Glossary of Lending Terms

Contact

Senior Associate Director of Financial Aid

E-mail Roberta

914.395.2570

Below is an abbreviated glossary of terms used by lenders.

  • APR - Annual percentage rate calculates the cost of borrowing money. It includes the annual interest rate, insurance, and origination fees associated with lending money.
  • Borrower benefits - Special interest rates, incentives, or terms offered by an individual lender. These benefits may lower your payments or reduce your cost of alternative borrowing.
  • Capitalization - Adding unpaid accrued interest charges to the principal balance of a loan.
  • Consolidation - Combining all of your loans into one new loan. You will make one payment to one lender. A consolidation loan has its own terms and conditions. Loan consolidation makes repayment easier if you have more than one federal educational loan. It combines all of your eligible loan obligations into a one new loan with one monthly payment. It may also lower your monthly payment. If you choose to do so, you may be able to extend your repayment schedule beyond the 10 year standard. The interest rate on a consolidation loan is fixed and the rate cannot exceed 8.25 percent.
  • Default - The borrower fails to begin repayment (delinquency) or arrange a deferment or forbearance 270 days after repayment is scheduled to begin.
  • Deferment- You may qualify to defer making payments for a specified period of time. For a subsidized loan, the interest does not accrue because the government pays it on behalf of the borrower. Deferments are available for:
    • Enrollment in undergraduate or graduate school
    • Person with a disability enrolled in a qualifying rehabilitation program
    • Unemployment
    • Economic hardship
    • Military service
  • Delinquency - The status of a loan when payments are late. The servicer may charge late fees. Delinquency precedes default.
  • Disbursement dates - The date the lender expects to send your loan amount to the college.
  • Forbearance - Forbearance is granted by the individual lender. This allows the borrower to not make payments during the forbearance period however interest does accrue. Borrowers should apply for a deferment before considering a forbearance.
  • Grace period - The time between the end of enrollment (graduation, leave of absence, less-than-half-time enrollment, or withdrawal) and when repayment begins.
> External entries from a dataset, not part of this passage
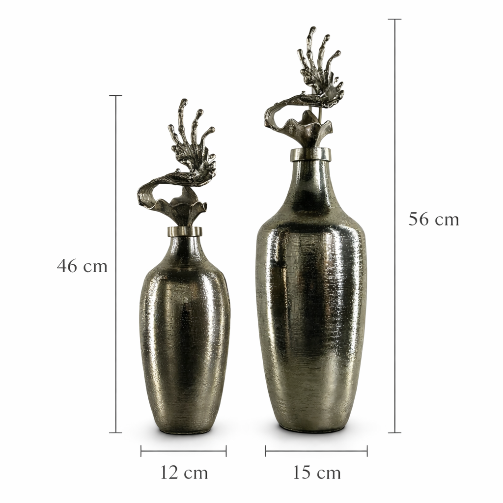 Şıklığı ve modern tasarımı bir araya getiren 2’li cam metal karışımı dekoratif vazo seti, yaşam alanlarınıza zarif bir dokunuş katmak için tasarlanmıştır. Estetik formu, dikkat çekici metalik yüzeyi ve sanatsal üst detayları ile salon, antre, konsol, yemek masası ve ofis dekorasyonunda göz alıcı bir tamamlayıcıdır.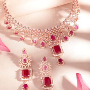 24K Rose Gold Plated Ruby Pink Sapphire & Cubic Zirconia Studded Handcrafted Premium Jewellery Set – Pink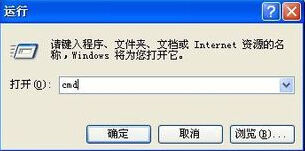 2、在开始的打开里面输入cmd进入cmd程序。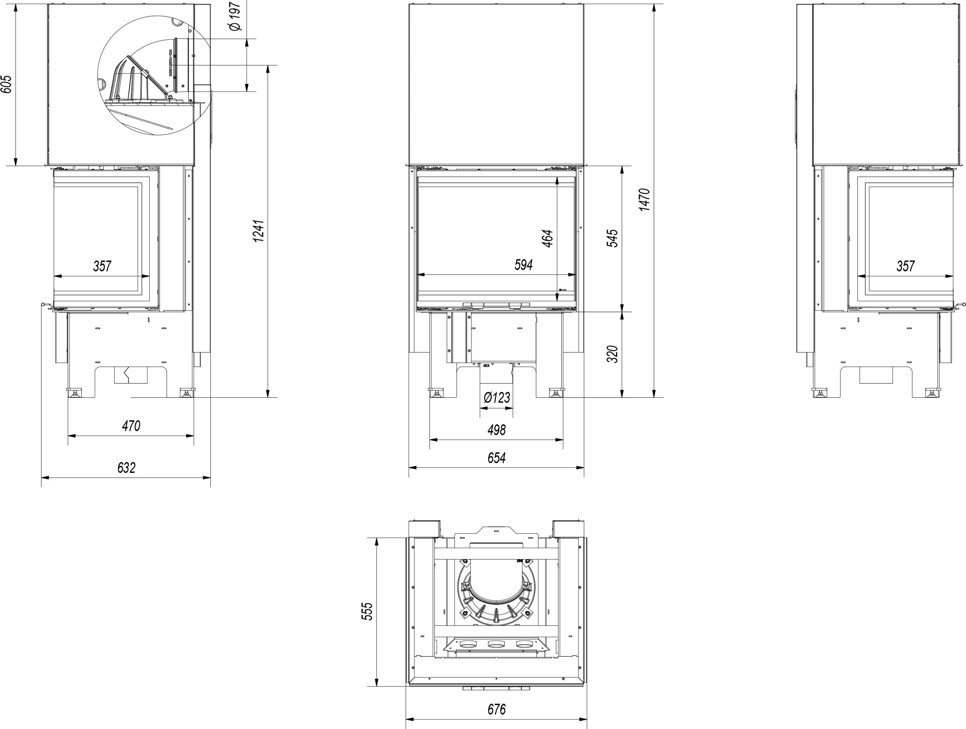Südamik on varustatud reguleeritavate jalgadega, mis võimaldab toote lihtsat loodimist. Kaminasüdamik on varustatud välisõhuga ühendamise liitmikuga Ø125 mm.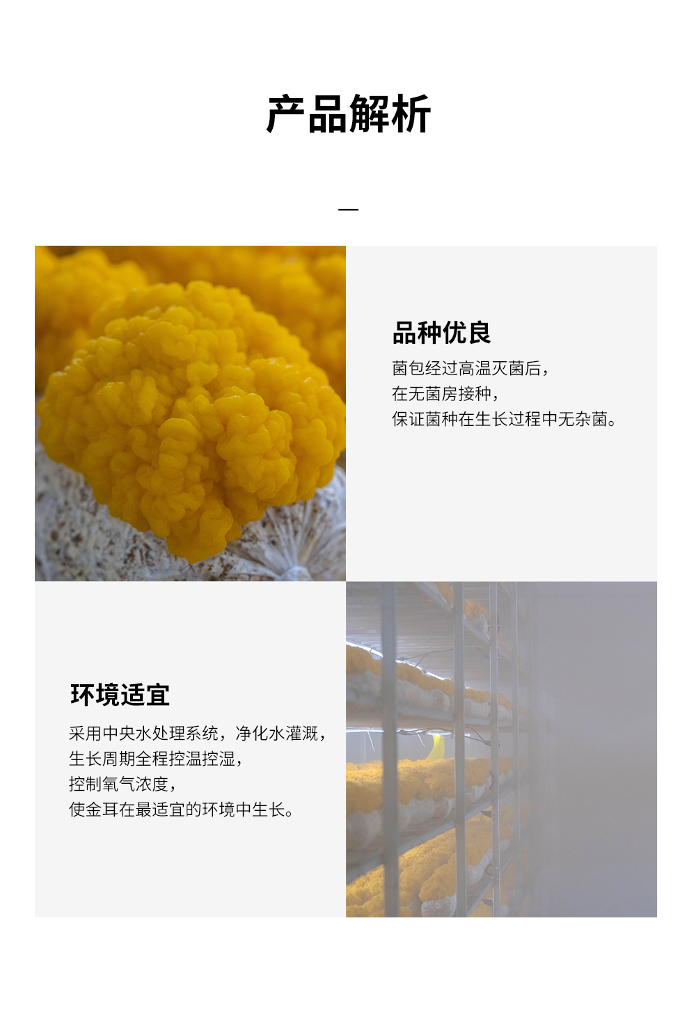 3、金耳表面可能会存在少许白点属于正常现象,是在裂瓣处未充分受光的原因。

No payments are required during the grace period.
  • Graduate PLUS (GPLUS) - This loan is also known as Plus Loan for Graduate/Professional Students. This loan allows credit-worthy graduate students to borrow the difference between the total cost of attendance and any financial aid offered to the student.
  • Interest Rate - The rate at which interest accrues on a loan or cost of borrowing money.
  • Loan/Origination fees - Fees subtracted from the amount borrowed to cover the expenses for lending. Fees are retained by the US Department of Education.
  • Minimum monthly payment - The lowest amount you are required to pay each month during the repayment period.
  • Private Educational Loans - These loans are offered by individual lenders to meet the gap between the cost of attendance and any financial aid offered. They are not subject to the same government regulations as federal loans.
  • Repayment date - The day following the end of the grace period.
  • Servicer - Some lenders assign educational loans to a servicer. This third party company becomes responsible for collecting and processing payments for that lender.
  • Total repayment amount - The amount you borrowed plus the accrued interest.
  • Unsubsidized - Graduate students may borrow up to $20,500 in unsubsidized loan funds per academic year from the federal Stafford/Direct educational loan programs. Unsubsidized means that the student borrower must make interest payments on the amount of the loan in use while the student is enrolled in school.